What is expected:
In the entries that follow, the lines from the line containing "Harvest garlic when" up to and including the line containing "This is manufactured" must be copied exactly, with pictures omitted.
Data provided Block Start
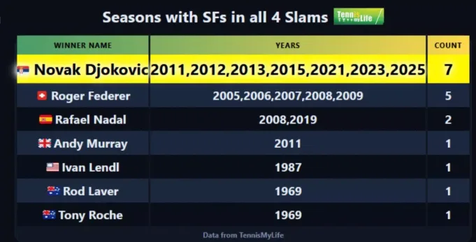 Dengan kemenangan itu, Djokovic sekarang memiliki tujuh musim di mana ia mencapai semifinal dari keempat Grand Slams- 2011, 2012, 2013, 2015, 2021, 2023, dan 2025 Roger Federer berada di peringkat kedua dalam daftar elit ini dengan lima musim tersebut.
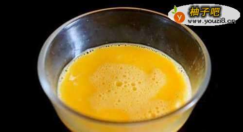 2先拿出一个鸡蛋,再拿出一个容器,把鸡蛋打在一个容器里面,搅拌均匀,加上一些糖和盐。
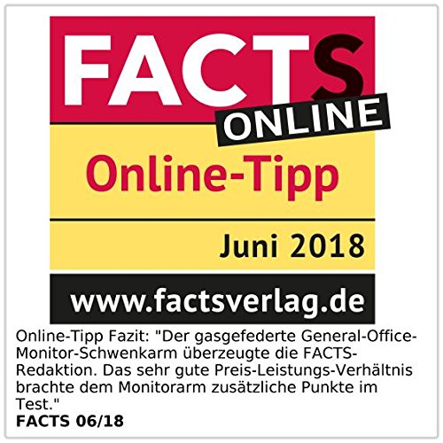 Bringen Sie Ihren Monitor in Position: federleicht und flexibel einstellbarAUSZEICHNUNGEN / BEWERTUNGEN / PRESSESTIMMEN:FACTS (06/18): Online-Tipp Fazit: „Der gasgefederte General-Office-Monitor-Schwenkarm überzeugte die FACTS-Redaktion. Das sehr gute Preis-Leistungs-Verhältnis brachte dem Monitorarm zusätzliche Punkte im Test.“. Richten Sie Ihren Monitor flexibel aus: Jetzt schwenken Sie den Bildschirm mit nur einer kleinen Handbewegung zu jeder Position im Raum! Zeigen Sie Ihren Kollegen schnell ein Dokument oder betrachten Sie Fotos und Videos mit Ihrer Familie. Starker Halt, einfache Anbringung: Den Schwenkarm montieren Sie in wenigen Augenblicken an Ihren Tisch. Kein Bohren nötig: Ihr Monitor mit VESA-Standard passt perfekt auf die Fixierung. Dank stabiler Verarbeitung hängt er jederzeit sicher und wackelfrei. Sorgen Sie für einen freien Arbeitsplatz: Der Schwenkarm ersetzt nicht nur einen sperrigen Standfuß, sondern lässt auch das lästige Kabelgewirr vom Tisch verschwinden! Mit der abnehmbaren Halterung führen Sie die Kabel elegant und unauffällig nach unten weg.Zubehör- & Mitbestell-Empfehlungen:Notebookhalter: B01AWCIWV4Der Statt-Preis von EUR 99,90 entspricht dem ehem. empf. VK des Lieferanten.
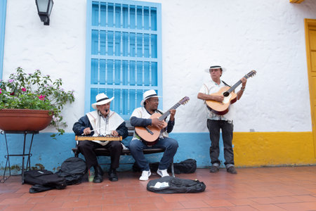 Medellin, Colombia - July 30, 2022: A trio of elderly traditional Colombian musicians playing music in the street. One of them playing a xylophone and the other two a guitar
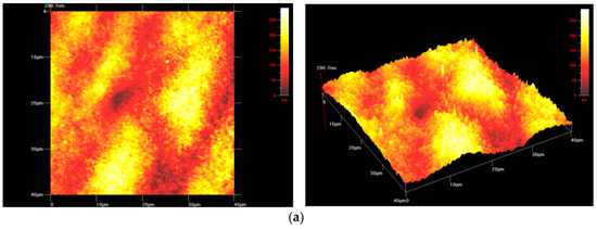 Surface topography in the area of the (a) parent material, (b) Zr-Cu-Ni-Al laser weld—parameters no. 1 and (c) heat affected zone—parameters no. 2 (2D image, 3D image; Atomic Force Microscope (AFM)).
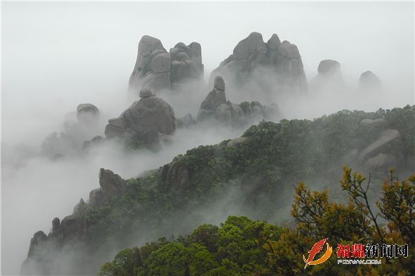 “云横断壁千层险”是太姥奇峰的真实写照。主峰高达917米,从海上看,雄浑险峻,如一巨屏拔地而起,气势壮阔。登高以观沧海,海似澄玉,岛若明珠、帆影点点、鸥鸟翩翩……无不尽在目下。由于海洋上空水汽充沛,每当晴天早晨,海湾、山麓云雾升腾,如柔缦轻纱,在山谷中缭绕,时聚时散,瞬息多变,蔚为壮观;峰顶出露云海之上,时隐时现,出没无常,宛如人间仙境;在黎明前的黑暗过后,东海天际一线微露鱼肚白,继而变红,随之一轮红日从海平线下喷薄而出,冉冉升起。此情此景直让人欣喜莫名!
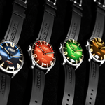 A collection inspired by the dark side of the moon. The case is completely filled with a special oil that emphasizes the dial, creating an optical effect of an higher legibility. Innovative locking system (Locking Ring System) with quick battery replacement.
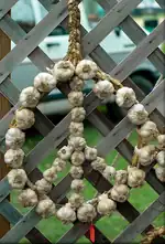 Harvest garlic when the leaves have yellowed and the top of the stalk is falling over. If you pull the cloves out with the leaves, you can braid the leaves together for aiding aerial storage, a well-known and time-tested way of keeping garlic. Wash the bulbs after pulling out, to remove soil. Then allow the bulbs to dry in the sunshine to dry. String the garlic bulb stalks together at the top, then braid into a rope. Hang in a cool, dry place with good airflow. When needed, simply pull off single cloves to use.
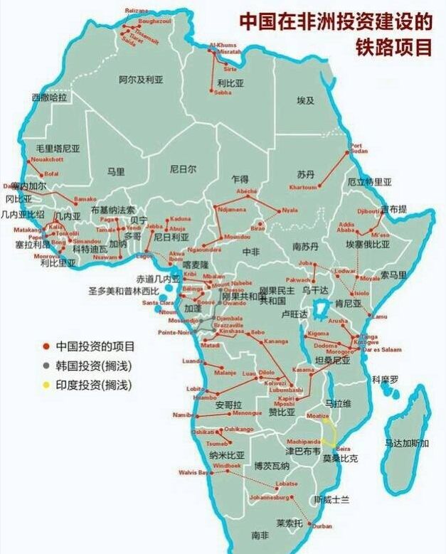 去年3月,俄罗斯媒体曾放出一张图:中国在非洲的铁路项目。
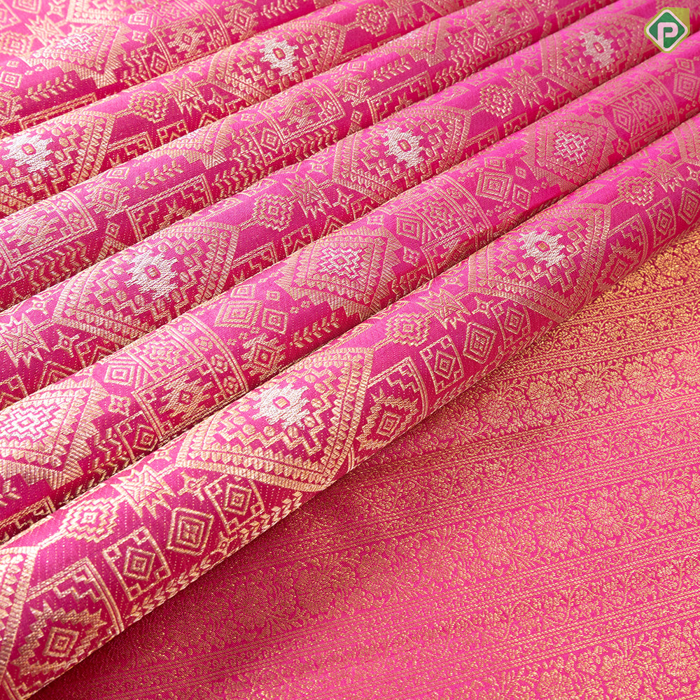 Body design Rani Pink With Gold Zari Multi Shaped Self Designed Square Butta Full Body Design
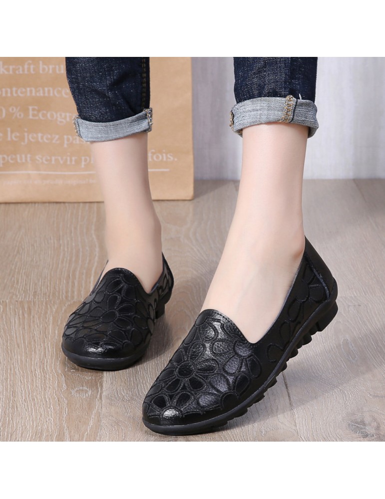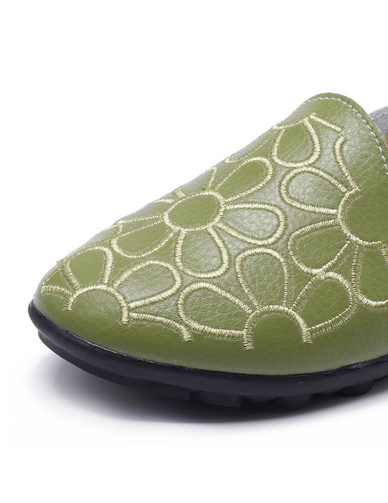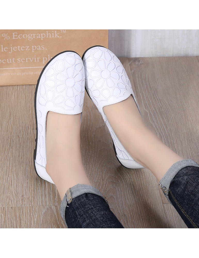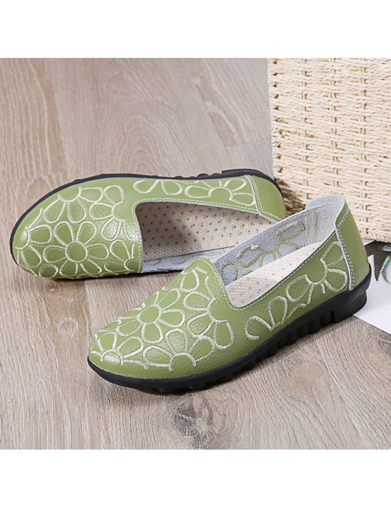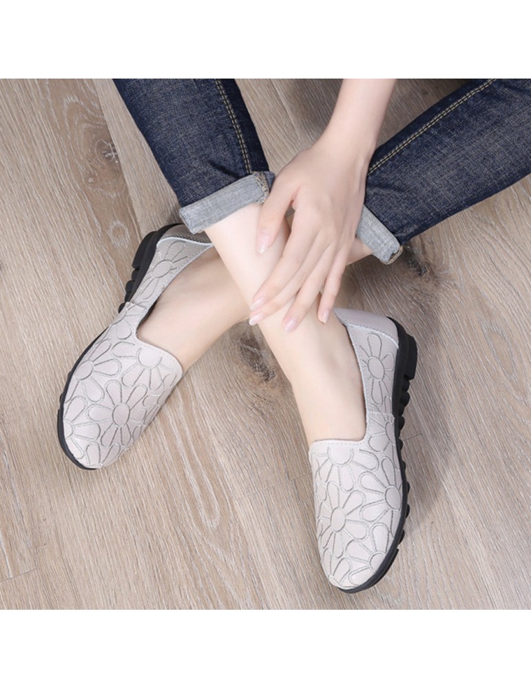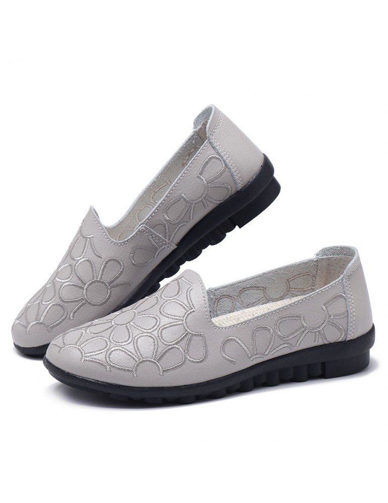Women Casual Flowers Round Toe Genuine Leather Flats
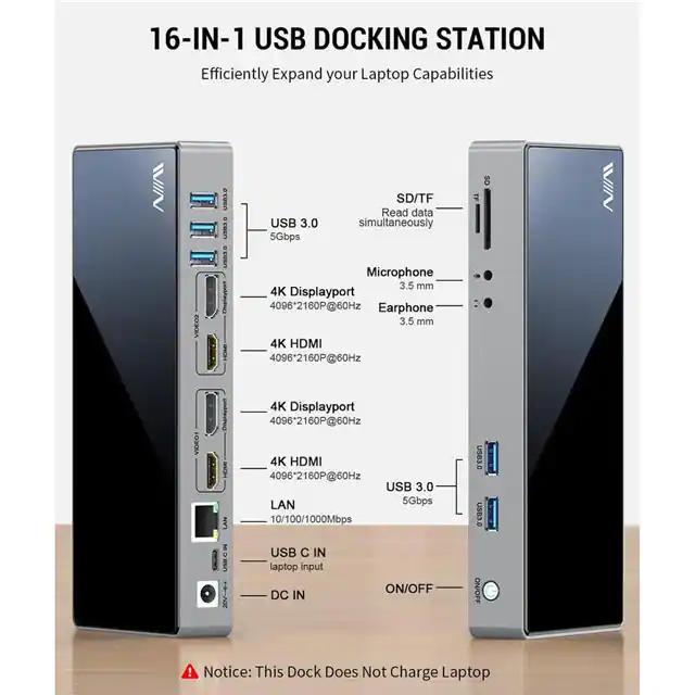This is manufactured by QGeeM. The manufacturer part number is IVIIN 16-IN-1 USB 3.0 DOCKING STATION. It is shipped in case. It is a type of docking station accessory. In addition, it is vendor undefined. The product is suitable for use with usb 3.0/usb c /usb 4/thunderbolt 4/3 laptops, macbook pro, air 2019/2018/2017, 2015/2016 ipad pro, dell xps 13, hp, lenovo, windows 7/ 8 /10 above, mac 10.0 above.
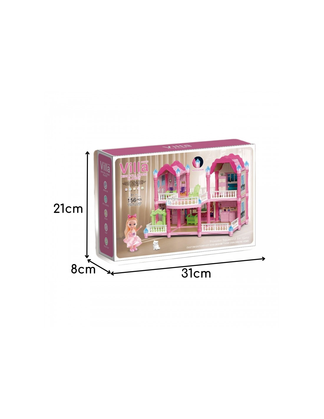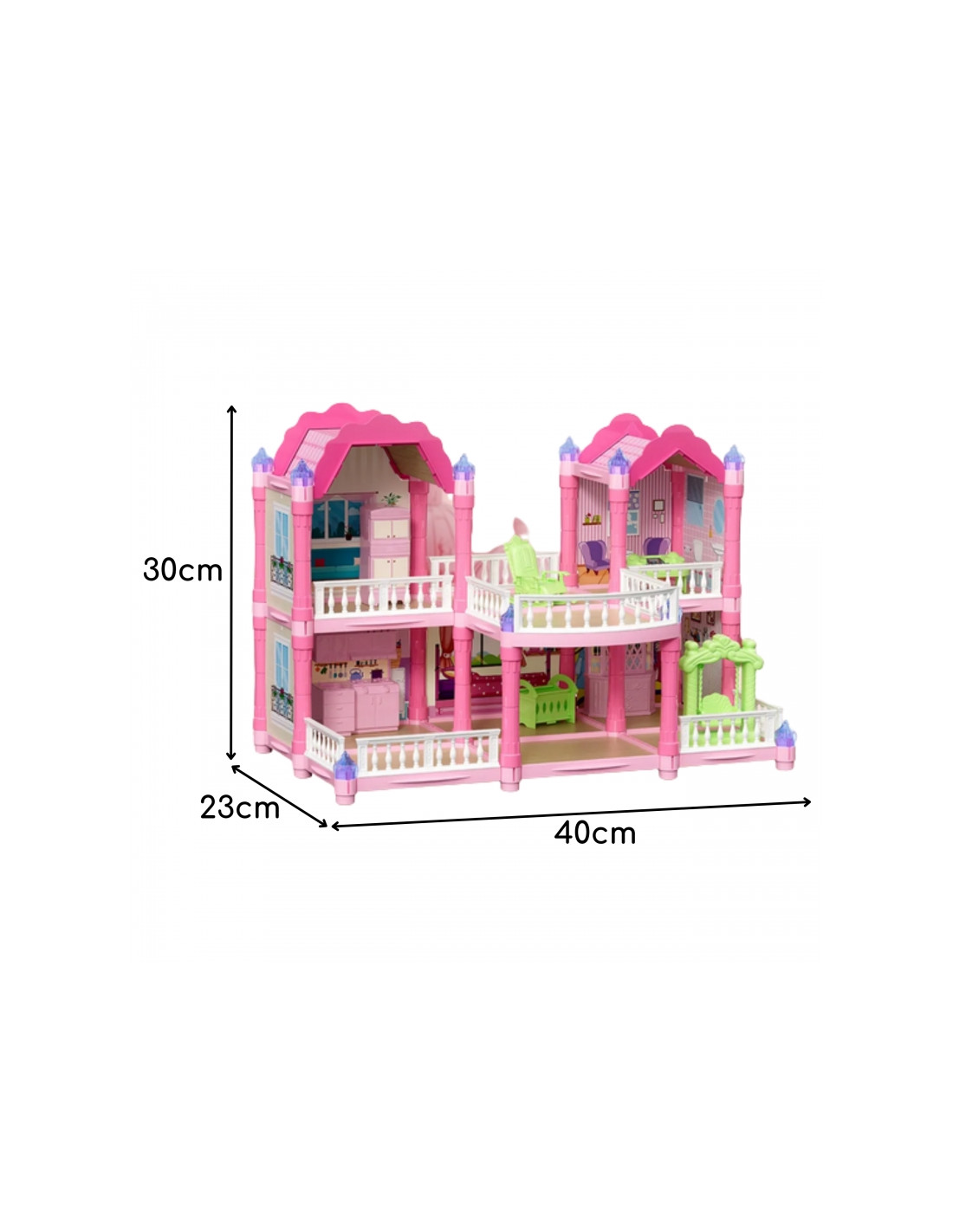 «Садовая вилла» от Woopie — уникальный кукольный домик, который подарит детям часы волшебной игры и творческого конструирования! Эта игрушка перенесёт малышей в сказочный мир, где они смогут придумывать собственные истории, обустраивать интерьер и играть за любимых персонажей. Это больше, чем просто игрушка — это целый мир, который дети могут создать сами! Уникальная двухэтажная конструкция с прекрасными деталями, несколькими комнатами, террасой, реалистичной мебелью и светящимися башнями делает домик похожим на настоящий дворец принцессы! Цветовая гамма в нежных пастельных тонах — розовом, фиолетовом и мятном — создаёт уютную атмосферу, побуждающую к творчеству. Идеально подходит для игр с друзьями, братьями и сёстрами. Характеристики:
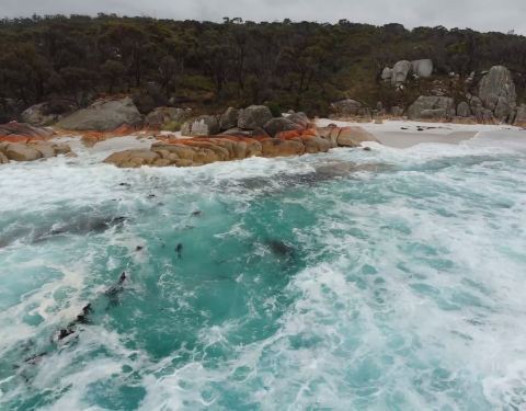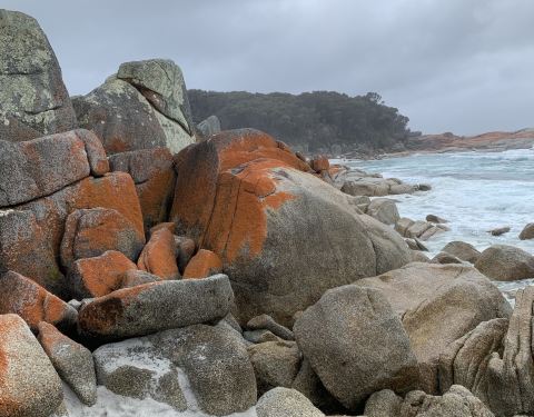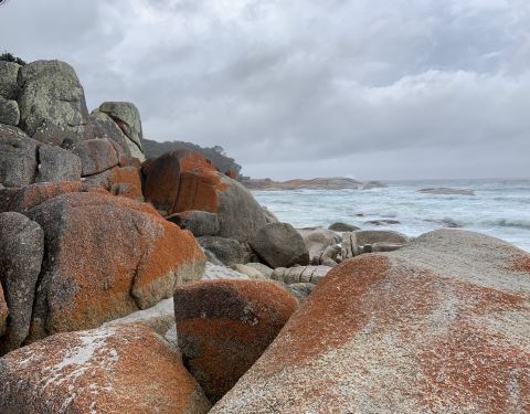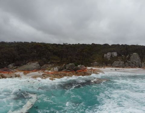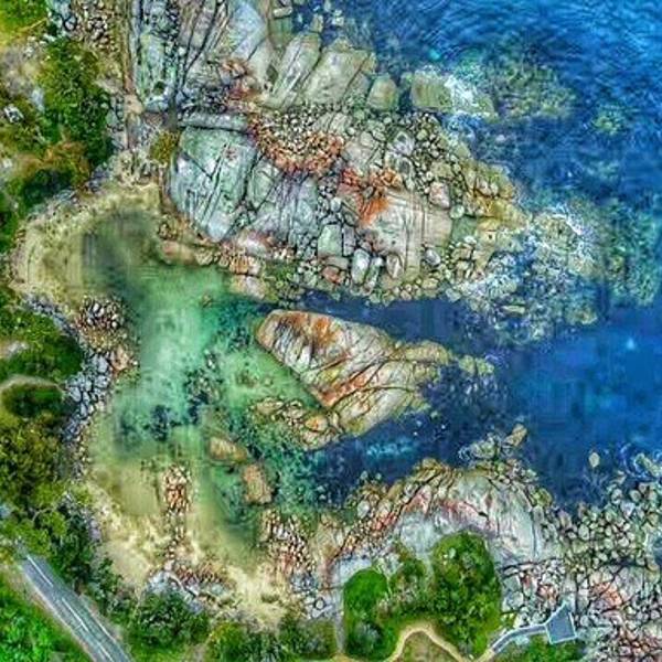 火焰湾位于塔斯马尼亚东北部,海滩上的石头有被火烧红等我感觉
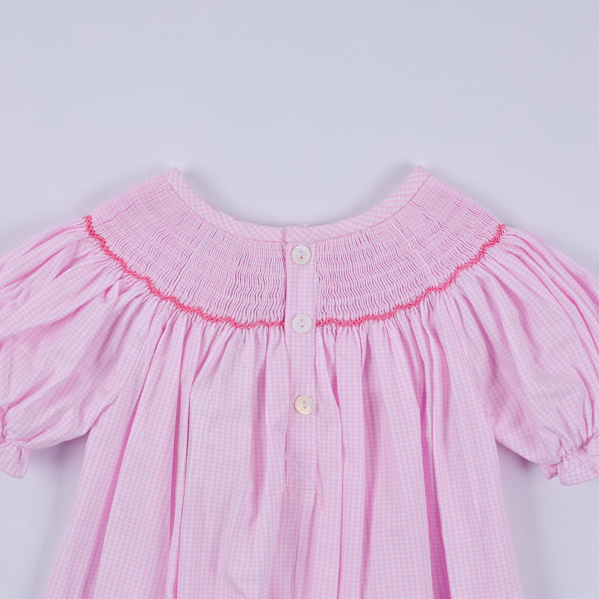 Deck the halls in festive style with this adorable pink Christmas tree hand-smocked ruffle romper! Perfect for holiday photos and celebrations, this charming one-piece features delicate hand-smocking details and playful ruffles that twirl with every move. The cheerful pink hue paired with classic Christmas tree motifs creates a whimsical look that captures the magic of the season. Comfortable and cute, it's the ideal choice for little ones who want to spread holiday cheer in style.
Data provided Block End
Response to this exercise:
 Harvest garlic when the leaves have yellowed and the top of the stalk is falling over. If you pull the cloves out with the leaves, you can braid the leaves together for aiding aerial storage, a well-known and time-tested way of keeping garlic. Wash the bulbs after pulling out, to remove soil. Then allow the bulbs to dry in the sunshine to dry. String the garlic bulb stalks together at the top, then braid into a rope. Hang in a cool, dry place with good airflow. When needed, simply pull off single cloves to use.
 去年3月,俄罗斯媒体曾放出一张图:中国在非洲的铁路项目。
 Body design Rani Pink With Gold Zari Multi Shaped Self Designed Square Butta Full Body Design
Women Casual Flowers Round Toe Genuine Leather Flats
This is manufactured by QGeeM. The manufacturer part number is IVIIN 16-IN-1 USB 3.0 DOCKING STATION. It is shipped in case. It is a type of docking station accessory. In addition, it is vendor undefined. The product is suitable for use with usb 3.0/usb c /usb 4/thunderbolt 4/3 laptops, macbook pro, air 2019/2018/2017, 2015/2016 ipad pro, dell xps 13, hp, lenovo, windows 7/ 8 /10 above, mac 10.0 above.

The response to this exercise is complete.